- **What you need to do**
In the entries that follow, repeat exactly the lines from the one that has "أَخْبَرَنَا مُحَمَّدُ بْنُ" through the one that has "На внеочередном собрании", but omit pictures.

- **Dataset**
-----

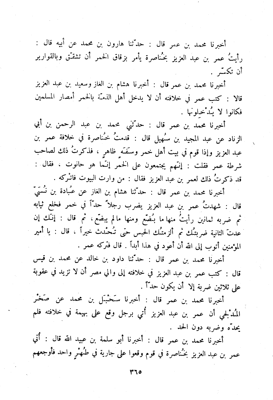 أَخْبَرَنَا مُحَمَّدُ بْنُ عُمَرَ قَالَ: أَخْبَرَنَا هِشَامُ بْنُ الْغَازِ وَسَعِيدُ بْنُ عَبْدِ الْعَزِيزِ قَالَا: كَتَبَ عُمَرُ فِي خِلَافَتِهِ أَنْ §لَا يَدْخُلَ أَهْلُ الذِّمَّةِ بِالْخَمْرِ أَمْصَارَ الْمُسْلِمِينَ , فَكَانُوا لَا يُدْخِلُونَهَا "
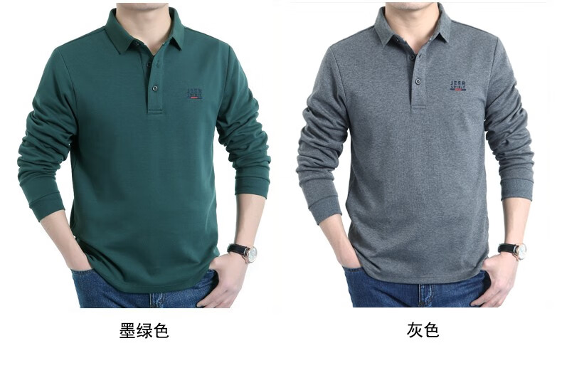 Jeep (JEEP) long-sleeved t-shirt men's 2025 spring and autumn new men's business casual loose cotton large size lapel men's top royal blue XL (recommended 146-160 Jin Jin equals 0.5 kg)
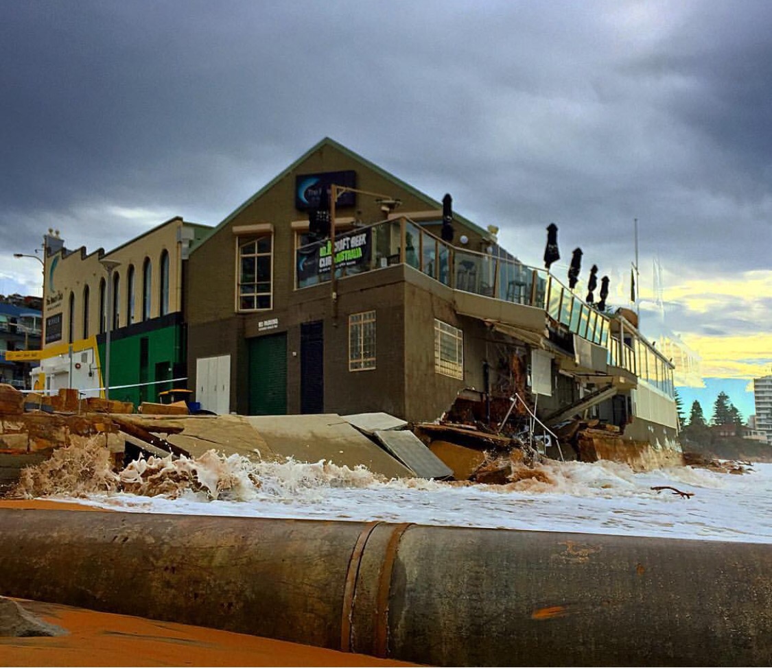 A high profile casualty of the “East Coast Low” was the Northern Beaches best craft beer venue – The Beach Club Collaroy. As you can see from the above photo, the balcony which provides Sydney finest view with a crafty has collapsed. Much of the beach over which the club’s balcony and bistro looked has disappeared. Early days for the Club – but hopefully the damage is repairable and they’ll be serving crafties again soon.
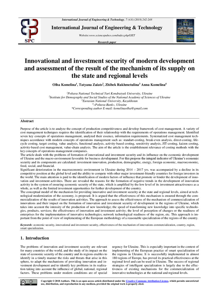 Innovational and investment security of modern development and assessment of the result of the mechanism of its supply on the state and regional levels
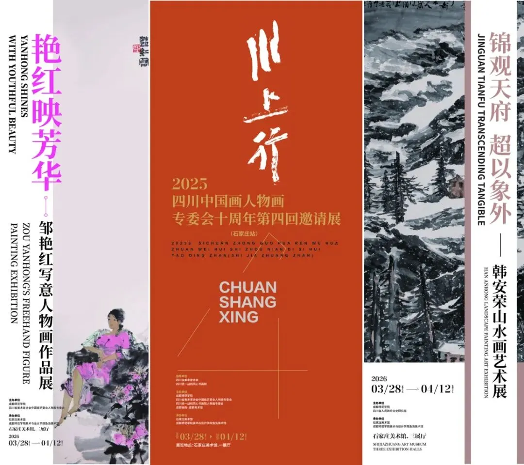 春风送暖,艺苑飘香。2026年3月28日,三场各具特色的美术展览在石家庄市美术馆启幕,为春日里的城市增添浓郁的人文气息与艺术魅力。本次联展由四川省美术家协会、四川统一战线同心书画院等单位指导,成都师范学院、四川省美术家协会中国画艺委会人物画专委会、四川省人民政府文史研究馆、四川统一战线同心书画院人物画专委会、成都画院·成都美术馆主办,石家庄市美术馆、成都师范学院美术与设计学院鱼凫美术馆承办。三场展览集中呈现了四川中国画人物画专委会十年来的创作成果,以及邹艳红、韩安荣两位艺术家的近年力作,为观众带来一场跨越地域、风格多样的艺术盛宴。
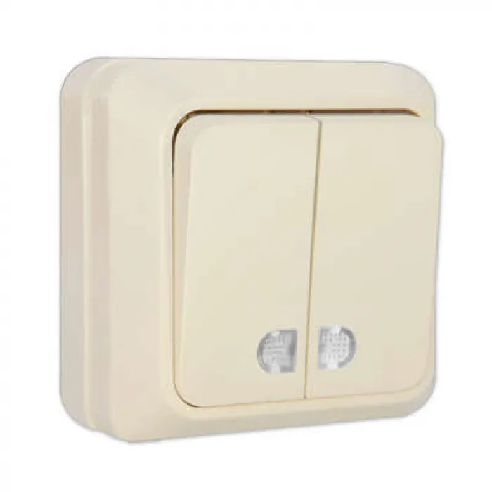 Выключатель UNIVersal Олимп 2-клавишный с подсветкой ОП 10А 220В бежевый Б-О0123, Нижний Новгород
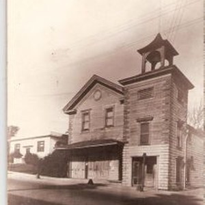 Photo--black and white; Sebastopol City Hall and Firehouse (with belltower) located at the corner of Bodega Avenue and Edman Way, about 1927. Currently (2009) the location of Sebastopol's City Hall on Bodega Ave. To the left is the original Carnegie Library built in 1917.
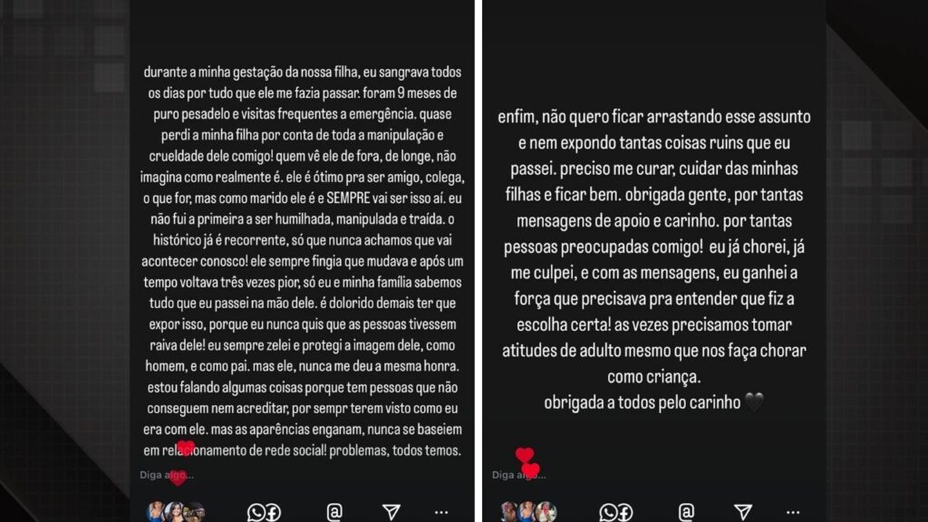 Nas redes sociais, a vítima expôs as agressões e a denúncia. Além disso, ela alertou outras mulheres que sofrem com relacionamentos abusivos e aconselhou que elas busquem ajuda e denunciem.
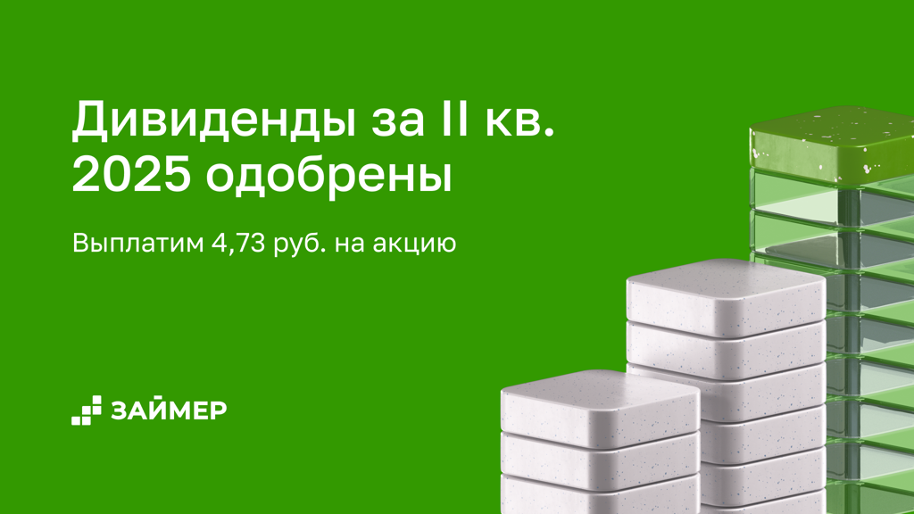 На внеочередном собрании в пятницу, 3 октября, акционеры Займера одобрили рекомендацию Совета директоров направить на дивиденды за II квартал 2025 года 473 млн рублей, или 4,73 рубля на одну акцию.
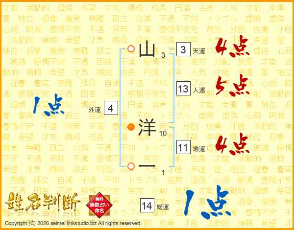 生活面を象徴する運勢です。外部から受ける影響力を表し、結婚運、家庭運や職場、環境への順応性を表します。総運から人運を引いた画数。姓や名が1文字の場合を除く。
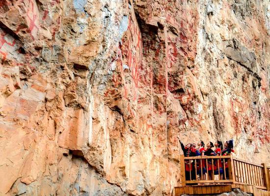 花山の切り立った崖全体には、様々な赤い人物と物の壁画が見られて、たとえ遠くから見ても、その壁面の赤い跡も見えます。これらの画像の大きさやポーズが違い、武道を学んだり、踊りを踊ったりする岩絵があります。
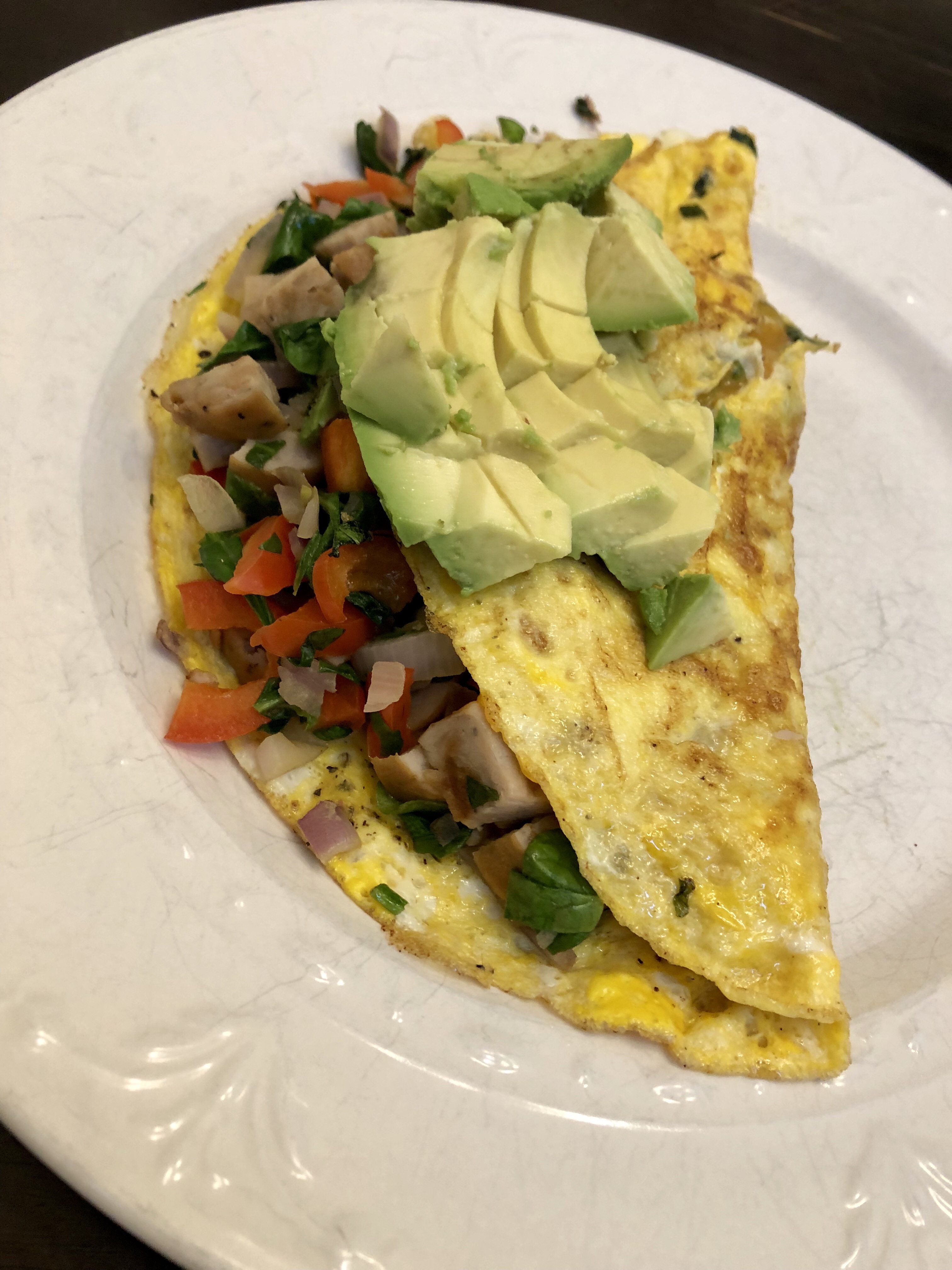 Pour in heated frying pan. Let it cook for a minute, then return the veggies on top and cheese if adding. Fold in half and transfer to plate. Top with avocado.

-----

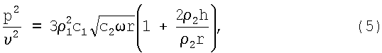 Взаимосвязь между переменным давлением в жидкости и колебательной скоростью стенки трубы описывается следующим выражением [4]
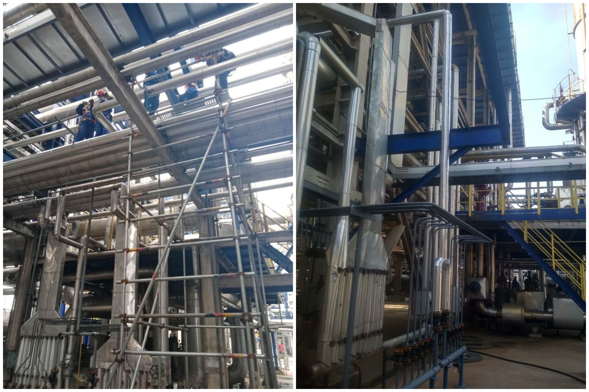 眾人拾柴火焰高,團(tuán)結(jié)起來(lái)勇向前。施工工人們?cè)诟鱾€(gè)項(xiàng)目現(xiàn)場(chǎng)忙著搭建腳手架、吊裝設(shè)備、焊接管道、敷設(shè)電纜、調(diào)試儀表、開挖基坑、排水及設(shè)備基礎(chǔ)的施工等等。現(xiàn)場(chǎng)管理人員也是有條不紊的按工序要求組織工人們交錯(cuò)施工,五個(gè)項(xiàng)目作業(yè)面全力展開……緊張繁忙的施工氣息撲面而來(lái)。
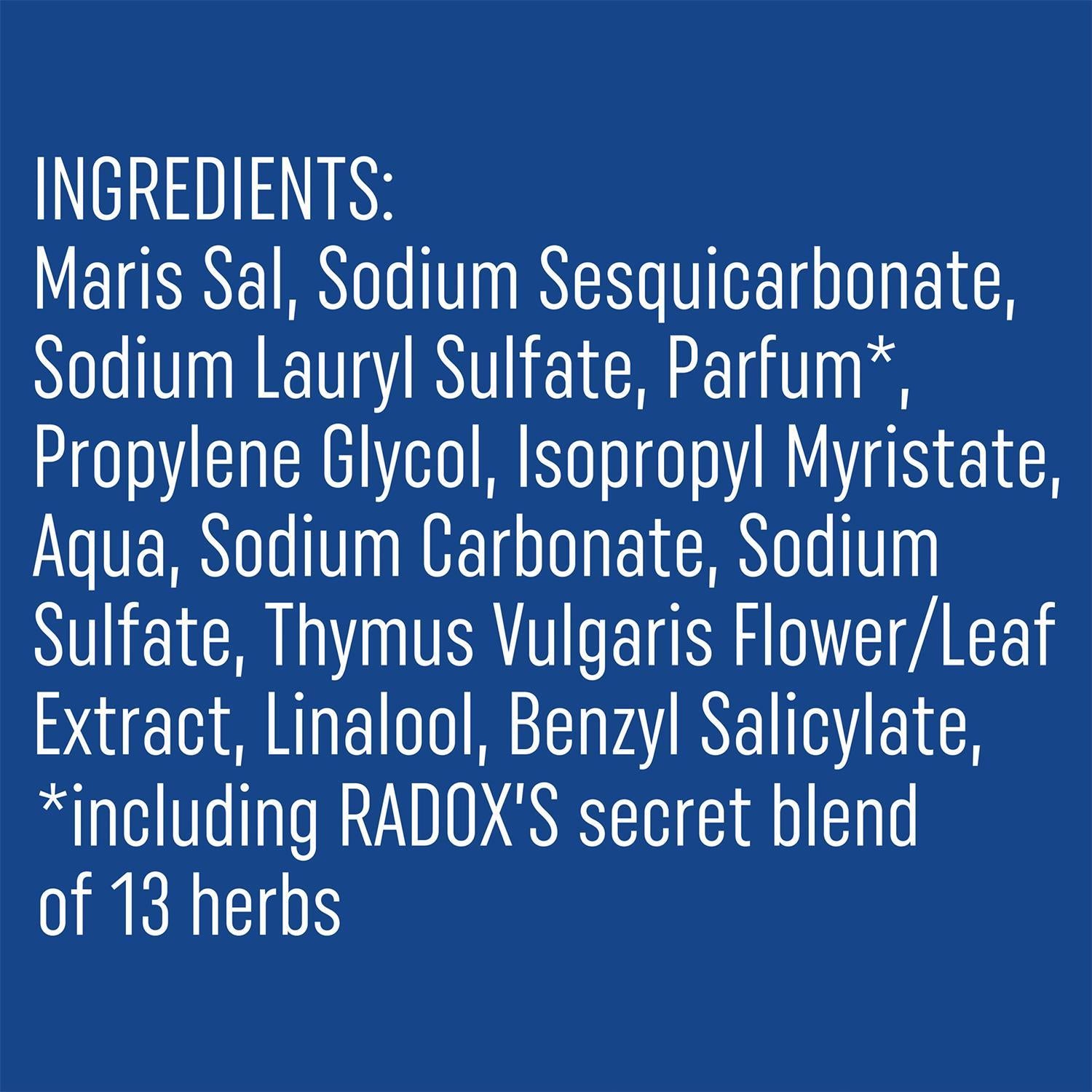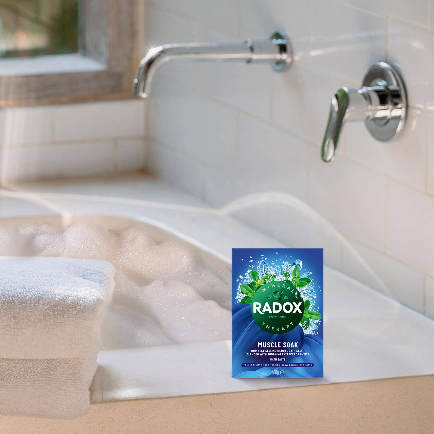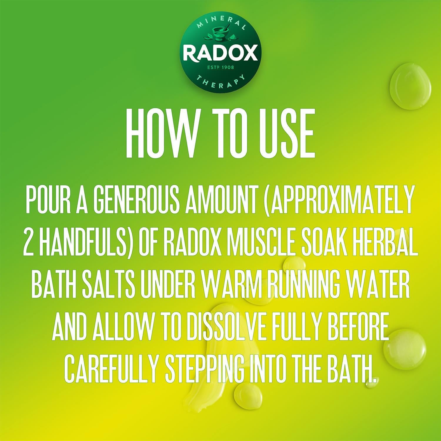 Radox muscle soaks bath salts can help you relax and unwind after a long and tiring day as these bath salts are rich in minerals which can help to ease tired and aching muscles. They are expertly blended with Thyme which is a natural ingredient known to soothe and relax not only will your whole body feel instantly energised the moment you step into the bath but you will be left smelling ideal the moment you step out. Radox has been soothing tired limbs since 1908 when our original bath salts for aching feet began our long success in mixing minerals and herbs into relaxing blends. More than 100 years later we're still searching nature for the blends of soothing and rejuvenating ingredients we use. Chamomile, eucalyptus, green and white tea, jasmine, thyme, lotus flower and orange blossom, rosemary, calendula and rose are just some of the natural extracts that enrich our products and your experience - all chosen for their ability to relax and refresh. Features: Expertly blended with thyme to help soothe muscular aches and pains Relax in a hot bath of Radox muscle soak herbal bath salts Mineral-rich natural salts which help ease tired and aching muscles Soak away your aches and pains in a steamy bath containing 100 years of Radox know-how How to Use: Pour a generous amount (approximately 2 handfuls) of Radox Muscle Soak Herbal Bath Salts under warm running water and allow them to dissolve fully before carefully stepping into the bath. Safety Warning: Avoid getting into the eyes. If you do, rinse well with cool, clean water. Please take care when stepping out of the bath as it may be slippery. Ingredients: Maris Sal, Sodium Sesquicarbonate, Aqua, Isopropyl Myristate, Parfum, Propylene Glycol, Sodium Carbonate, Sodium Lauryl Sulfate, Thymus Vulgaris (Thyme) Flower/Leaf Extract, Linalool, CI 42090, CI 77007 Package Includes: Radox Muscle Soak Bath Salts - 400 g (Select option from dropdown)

-----

- **Exercise output**
 أَخْبَرَنَا مُحَمَّدُ بْنُ عُمَرَ قَالَ: أَخْبَرَنَا هِشَامُ بْنُ الْغَازِ وَسَعِيدُ بْنُ عَبْدِ الْعَزِيزِ قَالَا: كَتَبَ عُمَرُ فِي خِلَافَتِهِ أَنْ §لَا يَدْخُلَ أَهْلُ الذِّمَّةِ بِالْخَمْرِ أَمْصَارَ الْمُسْلِمِينَ , فَكَانُوا لَا يُدْخِلُونَهَا "
 Jeep (JEEP) long-sleeved t-shirt men's 2025 spring and autumn new men's business casual loose cotton large size lapel men's top royal blue XL (recommended 146-160 Jin Jin equals 0.5 kg)
 A high profile casualty of the “East Coast Low” was the Northern Beaches best craft beer venue – The Beach Club Collaroy. As you can see from the above photo, the balcony which provides Sydney finest view with a crafty has collapsed. Much of the beach over which the club’s balcony and bistro looked has disappeared. Early days for the Club – but hopefully the damage is repairable and they’ll be serving crafties again soon.
 Innovational and investment security of modern development and assessment of the result of the mechanism of its supply on the state and regional levels
 春风送暖,艺苑飘香。2026年3月28日,三场各具特色的美术展览在石家庄市美术馆启幕,为春日里的城市增添浓郁的人文气息与艺术魅力。本次联展由四川省美术家协会、四川统一战线同心书画院等单位指导,成都师范学院、四川省美术家协会中国画艺委会人物画专委会、四川省人民政府文史研究馆、四川统一战线同心书画院人物画专委会、成都画院·成都美术馆主办,石家庄市美术馆、成都师范学院美术与设计学院鱼凫美术馆承办。三场展览集中呈现了四川中国画人物画专委会十年来的创作成果,以及邹艳红、韩安荣两位艺术家的近年力作,为观众带来一场跨越地域、风格多样的艺术盛宴。
 Выключатель UNIVersal Олимп 2-клавишный с подсветкой ОП 10А 220В бежевый Б-О0123, Нижний Новгород
 Photo--black and white; Sebastopol City Hall and Firehouse (with belltower) located at the corner of Bodega Avenue and Edman Way, about 1927. Currently (2009) the location of Sebastopol's City Hall on Bodega Ave. To the left is the original Carnegie Library built in 1917.
 Nas redes sociais, a vítima expôs as agressões e a denúncia. Além disso, ela alertou outras mulheres que sofrem com relacionamentos abusivos e aconselhou que elas busquem ajuda e denunciem.
 На внеочередном собрании в пятницу, 3 октября, акционеры Займера одобрили рекомендацию Совета директоров направить на дивиденды за II квартал 2025 года 473 млн рублей, или 4,73 рубля на одну акцию.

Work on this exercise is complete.